▸ **EXERCISE GOAL**
Your copy must start with the line containing "Langenhagen nach Rodung." and end with the last line of the entries, matching them exactly and leaving out every picture.

Records from a dataset:
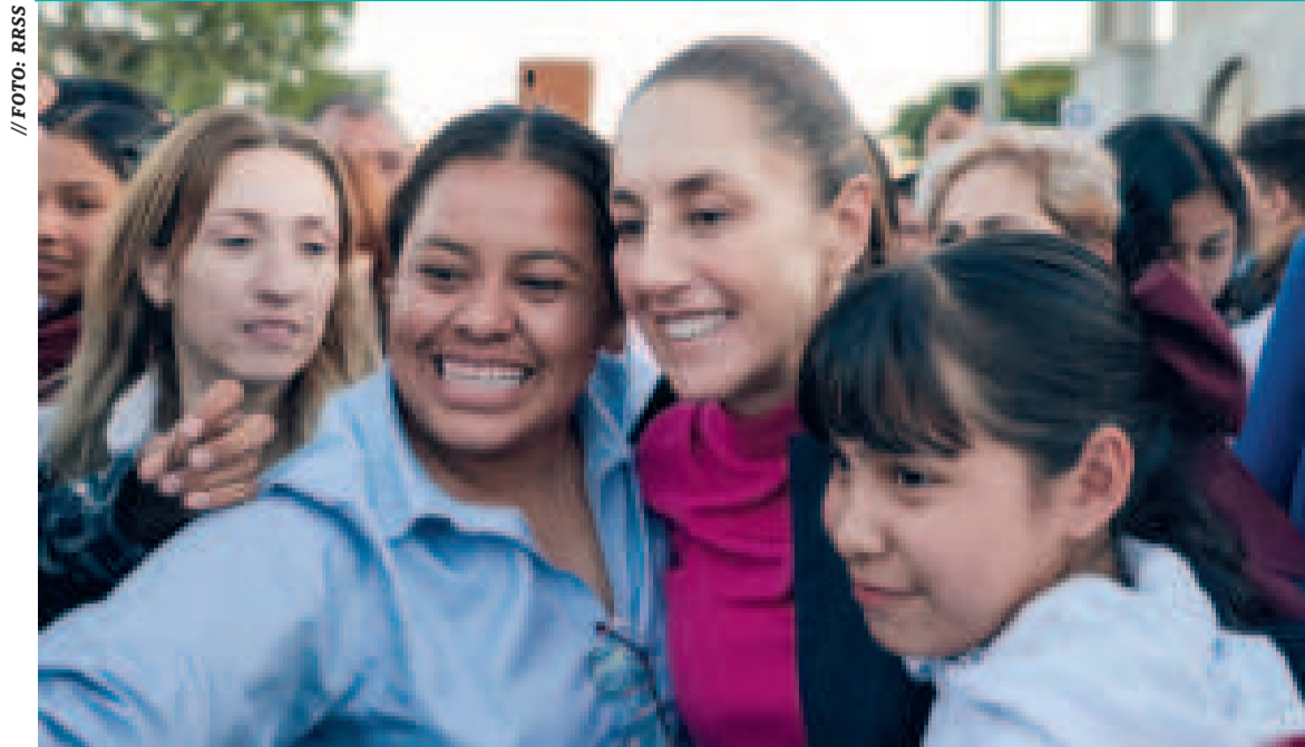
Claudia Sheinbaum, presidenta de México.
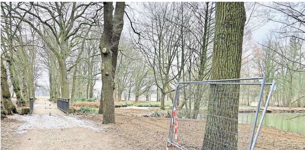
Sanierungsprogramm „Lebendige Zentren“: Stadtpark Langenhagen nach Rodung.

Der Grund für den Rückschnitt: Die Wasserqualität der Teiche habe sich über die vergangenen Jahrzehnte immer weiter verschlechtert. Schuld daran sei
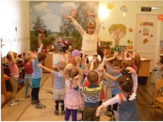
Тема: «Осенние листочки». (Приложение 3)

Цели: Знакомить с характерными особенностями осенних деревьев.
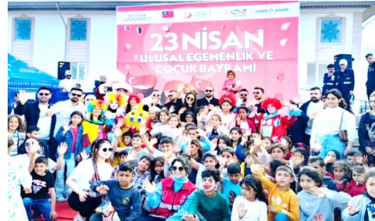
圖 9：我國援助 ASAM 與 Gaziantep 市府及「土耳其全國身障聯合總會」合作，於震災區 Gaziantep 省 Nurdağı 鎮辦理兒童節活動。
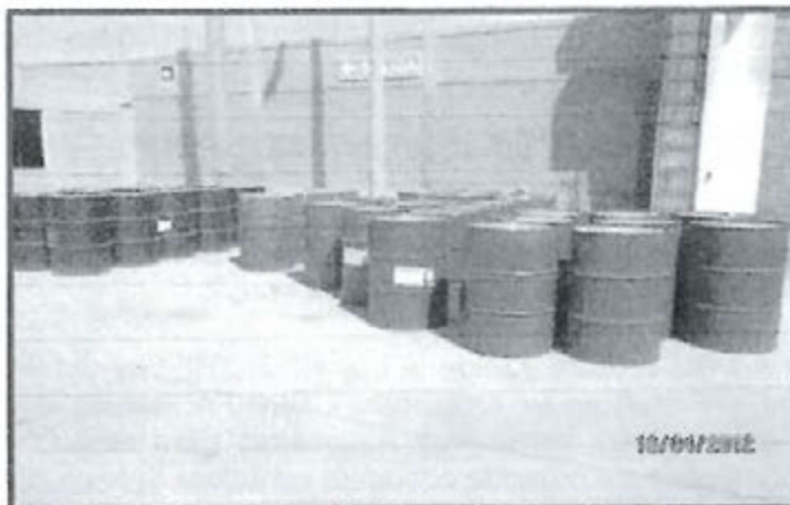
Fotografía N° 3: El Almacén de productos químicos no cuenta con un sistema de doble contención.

▸ **TASK OUTPUT**
Sanierungsprogramm „Lebendige Zentren“: Stadtpark Langenhagen nach Rodung.

Der Grund für den Rückschnitt: Die Wasserqualität der Teiche habe sich über die vergangenen Jahrzehnte immer weiter verschlechtert. Schuld daran sei
Тема: «Осенние листочки». (Приложение 3)

Цели: Знакомить с характерными особенностями осенних деревьев.
圖 9：我國援助 ASAM 與 Gaziantep 市府及「土耳其全國身障聯合總會」合作，於震災區 Gaziantep 省 Nurdağı 鎮辦理兒童節活動。
Fotografía N° 3: El Almacén de productos químicos no cuenta con un sistema de doble contención.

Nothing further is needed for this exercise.